Abaza-Khabl (Абаза-Хабль; Абаза Хӏабла) is a rural locality (an aul) in Grushkinskoye Rural Settlement of Adyge-Khablsky District, Russia. The population was 577 as of 2010.

==History==
The village of Abaza-Khablin was established in 1928 by settlers from the village of Elburgan. The name of the settlement originates from the Abaza language, and it can be translated as "Abaza village". In 1929, it became part of the newly formed Grushkinsky Village Council.

== Geography ==
Abaza-Khabl is located in the southwestern part of the western zone of the Adyge-Khablsky district, situated on both banks of the Maly Shcheblonok River. The village is 42 km (by road) west of the regional center, Adyge-Khabl, and 60 km northwest of the city of Cherkessk.
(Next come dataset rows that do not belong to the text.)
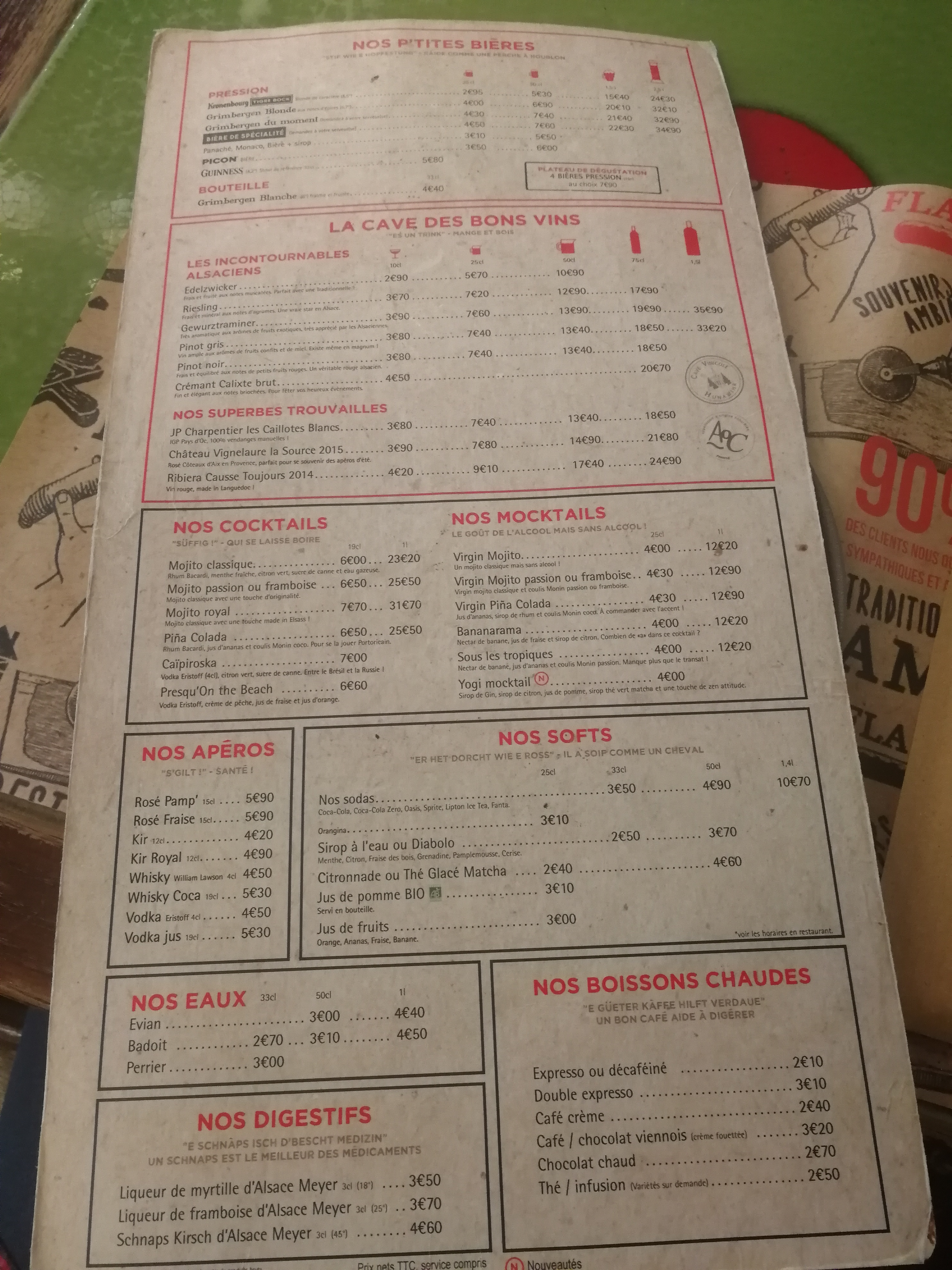 Personnel très gentil. C’est la première fois que je goûte ce plat alsacien donc je ne peux pas comparer mais c’était très bon. Service rapide. Prix corrects. Petit bémol pour : la musique heavy metal et les tables/chaises grasses et collantes.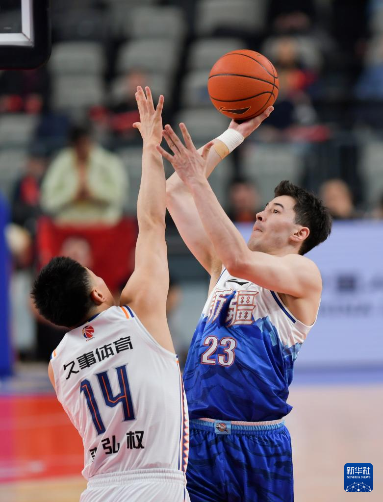 当日,在2023-2024赛季中国男子篮球职业联赛(CBA)常规赛第19轮比赛中,新疆伊力特队主场以109比104战胜上海久事队。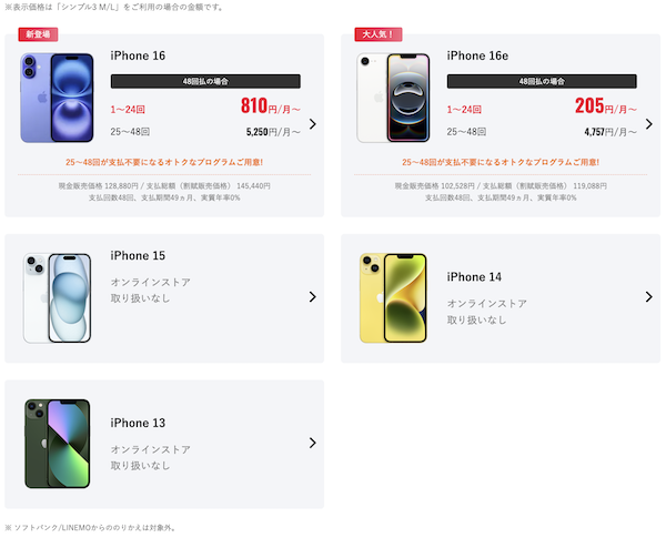 ワイモバイルのオンラインストアには、iPhone16e、iPhone16の在庫が準備されています。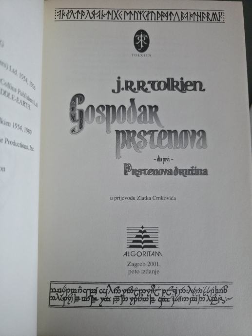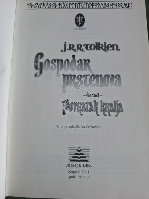 Prodajem komplet trilogije J. R. R. Tolkiena – Gospodar prstenova u izdanju Algoritam, tvrdi uvez, 5. izdanje: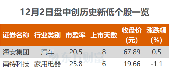 东方财富Choice数据显示,今日有2只个股盘中股价创历史新低。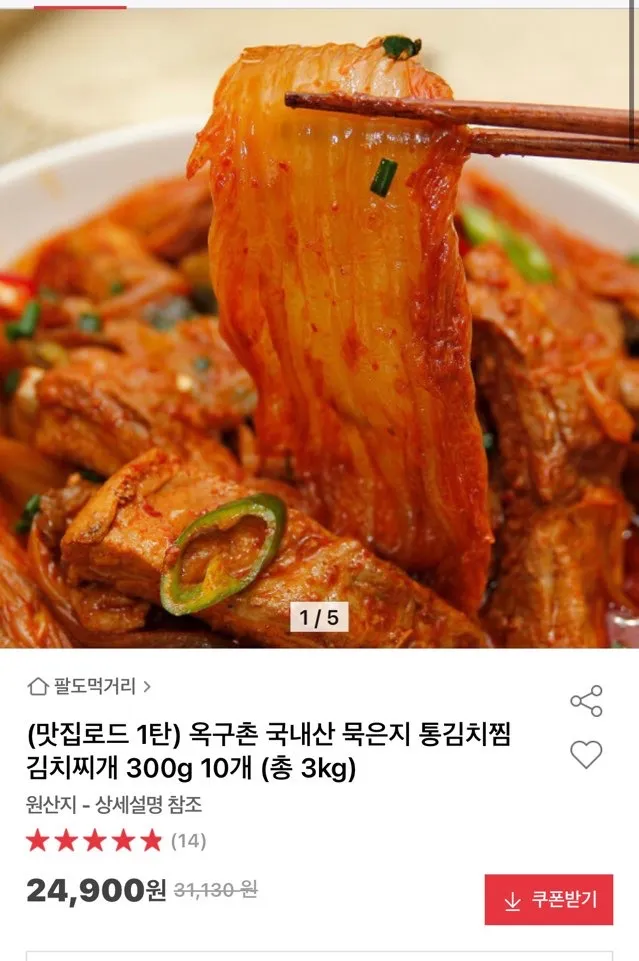 옥구촌 국내산 묵은지 통김치찜 300g 10개 총3kg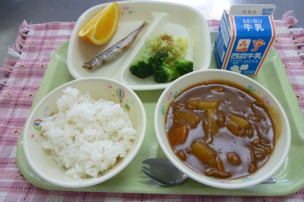 牛乳 ハヤシライス 焼きシシャモ 温野菜 オレンジ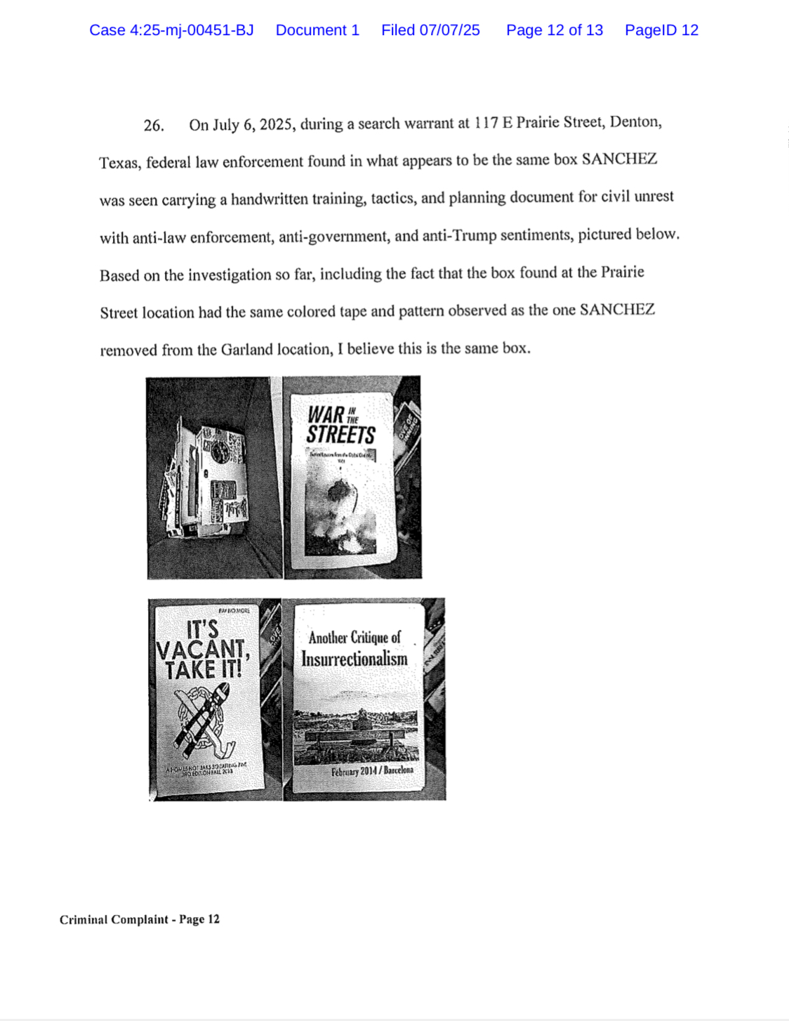 While also including references to other codefendants and their role in relation to the case, the above referenced criminal complaint was specifically submitted to the court to establish probable cause in the arrest of Daniel “Des” Rolando Sanchez-Estrada. The feds are alleging that him and his partner committed a conspiracy to destroy documents in the investigation when he moved a box of zines out of his partner’s car and into an apartment in Denton, Texas.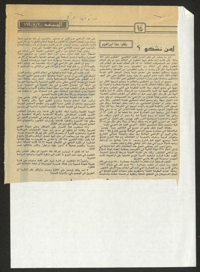 قصاصة من مجلة نداء الأسوار صادرة في تاريخ 20 تموز 1990 تحتوي على مقال لحنا إبراهيم بعنوان "لمن نشكو؟".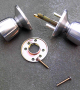 玄関には上下2ヶ所GOALのディンプルキーがついていました。お客様いわく、おそらく上の鍵しか閉まっていないだろうとのこと。しかしこのGOALのV18というディンプルキーは防犯性が高いので、ピッキングの開錠には非常に時間がかかるタイプです。一戸建ての家だったので他からの開錠方法を探ると裏に勝手口があり、ここにはWESTの握り玉タイプのノブが付いていました。鍵穴内部の構造上簡易的に開けられるタイプだったのでここから5分ほどですぐに開錠となりました。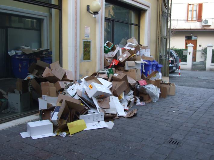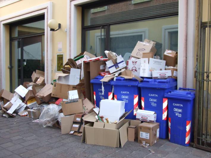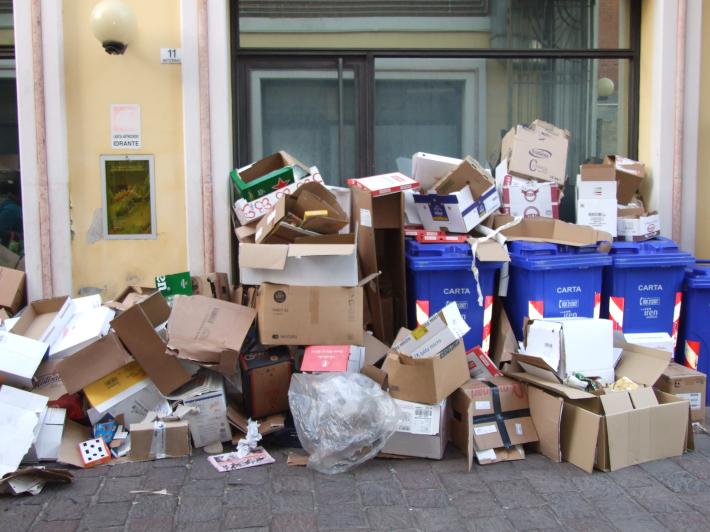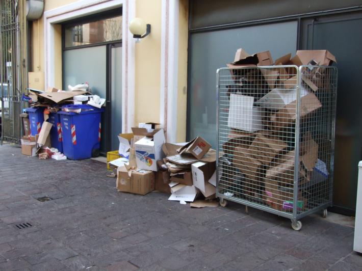 Una lettrice ci segnala, dalla Galleria santa Croce in via Gramsci: i cartoni non vengono ritirati da più di una settimana, nonostante numerose chiamate al numero verde e invio di email a Iren. Non si riesce a sapere il numero di telefono del responsabile della raccolta e al numero verde rispondono che non sanno cosa farci. Oggi è venerdì e in Galleria ci sono ristoranti e pizzerie, oltre ad uffici e negozi di altro genere con la conseguente pessima immagine del centro commerciale e la possibilità di rischio incendi e topi.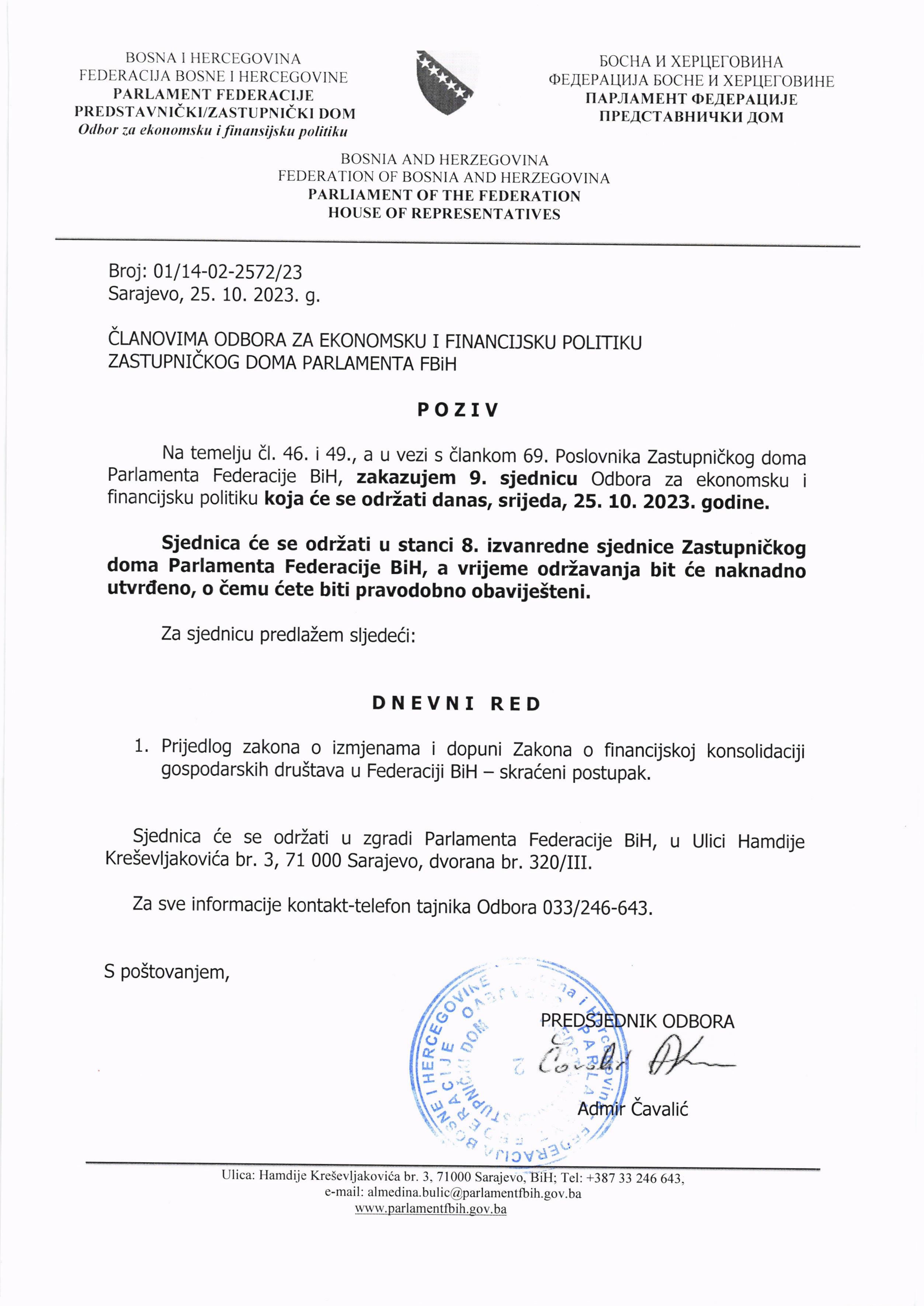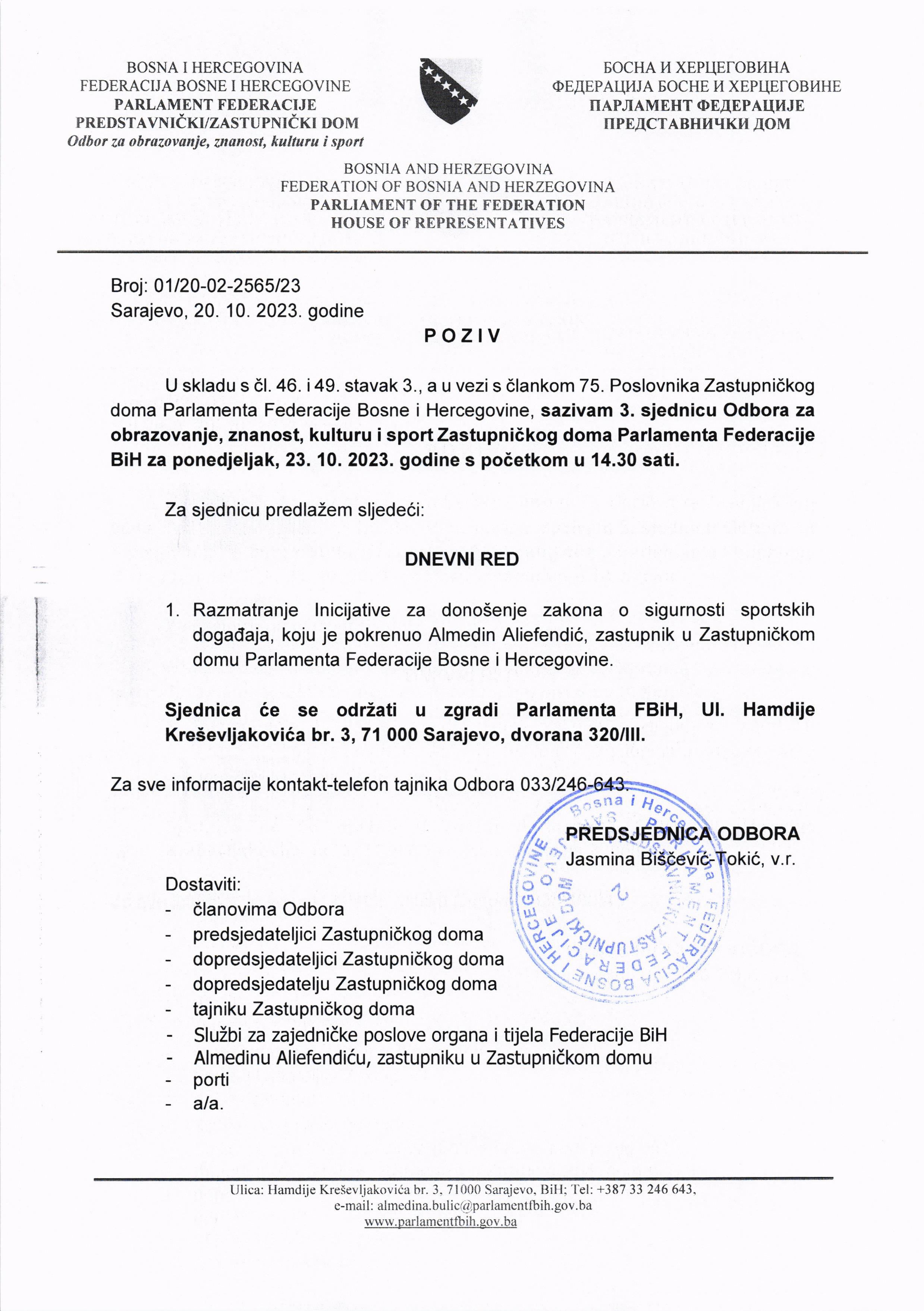 Poziv za 3. sjednicu Odbora za obrazovanje, nauku, kulturu i šport 20.10.2023 Najave HR Pročitaj više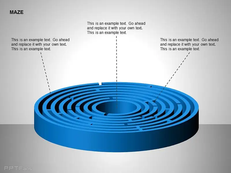 圆形立体蓝色迷宫三方面图示三部分说明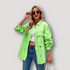 Die Kriss Vintage Washed Verblasst Distressed Denim Jacke bringt einen coolen, lässigen Look in Ihre Garderobe. Mit ihrem einzigartigen, abgewetzten Finish und dem modernen Vintage-Stil wird diese Jacke schnell zum Lieblingsstück. Perfekt für entspannte Tage und stylische Outfits.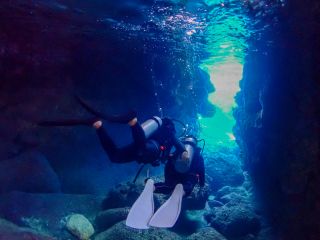 シュノーケリングも神秘的な青の洞窟&隠れサンゴポイントのビジャスで、2ポイント!!スキューバダイビング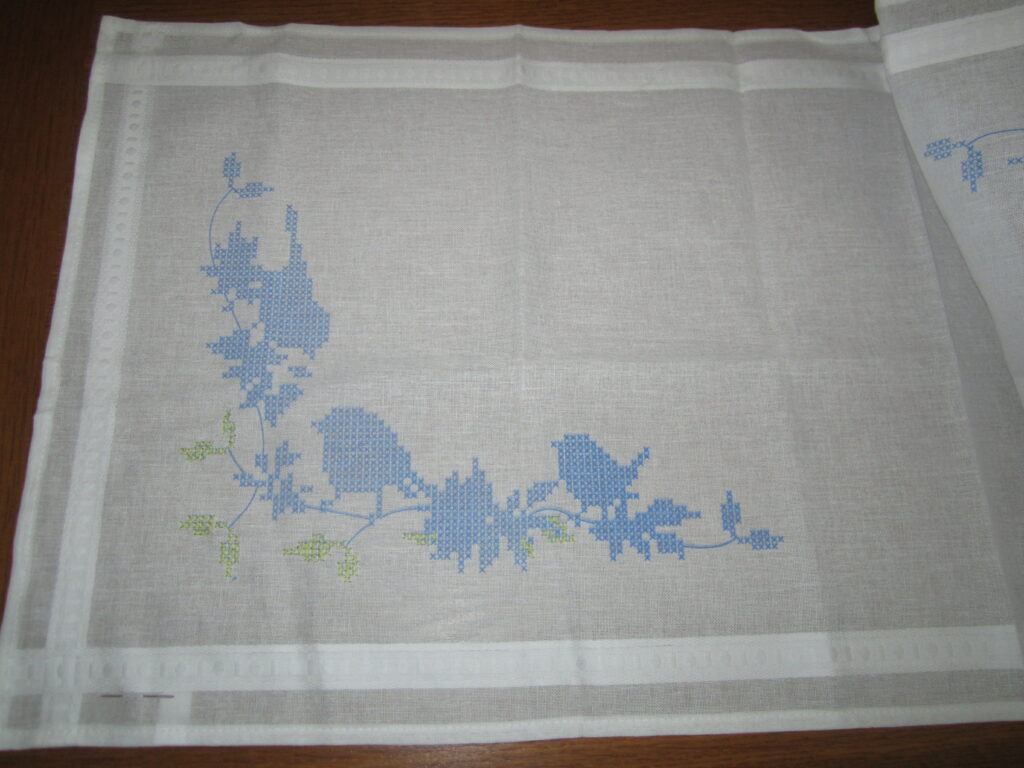 Je vous présente un nouvel ouvrage à faire en point de croix: une nappe blanche avec un motif printanier. C’est un motif imprimé sur celle-ci, avec des oiseaux et fleurs à mettre sur une table au Printemps. J’ai déjà commencé à broder la nappe par les feuilles avec un vert clair: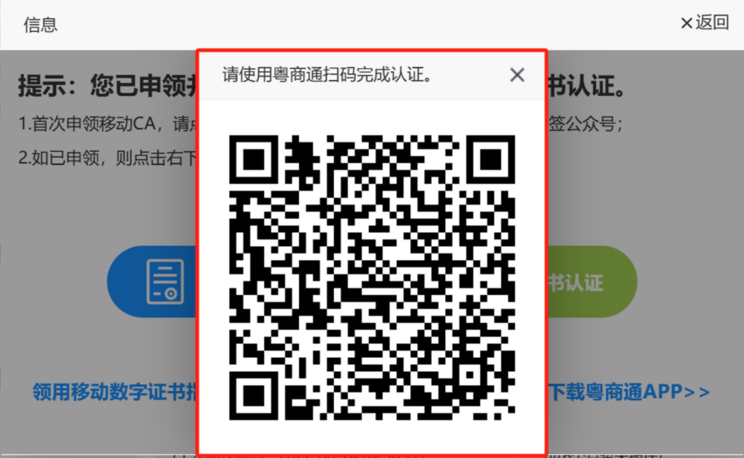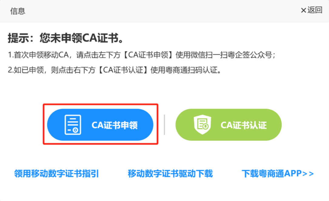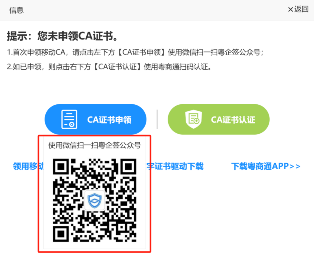 如已申領(lǐng),則點(diǎn)擊右下方【CA證書認(rèn)證】使用粵商通掃碼認(rèn)證。

It borders the settlements of Grushka to the east, Tapanta to the southeast, and Novo-Urupsky to the west.

The village is located in the foothill forest-steppe zone of Dagestan and is situated on a plateau-like upland between the Urup and Big Zelenchuk rivers. The terrain is predominantly hilly with rolling plains and an average height of 644 meters above sea level. The soil cover is diverse, with pre-Caucasian and foothill chernozems and floodplain meadow soils in the floodplain.

The hydrographic network is primarily represented by the Maly Shcheblonok River and close-to-surface groundwater. The climate is moderately warm with an average annual air temperature of around +9 °C. The average July temperature is +20 °C, and the average January temperature is −2 °C, with a minimum of −32 °C and a maximum of +40 °C. The growing season lasts 210 days and the average annual rainfall is around 700 mm, mostly occurring from May to July. East and northeast winds, reaching speeds of 20–30 m/s, often dominate in winter and spring.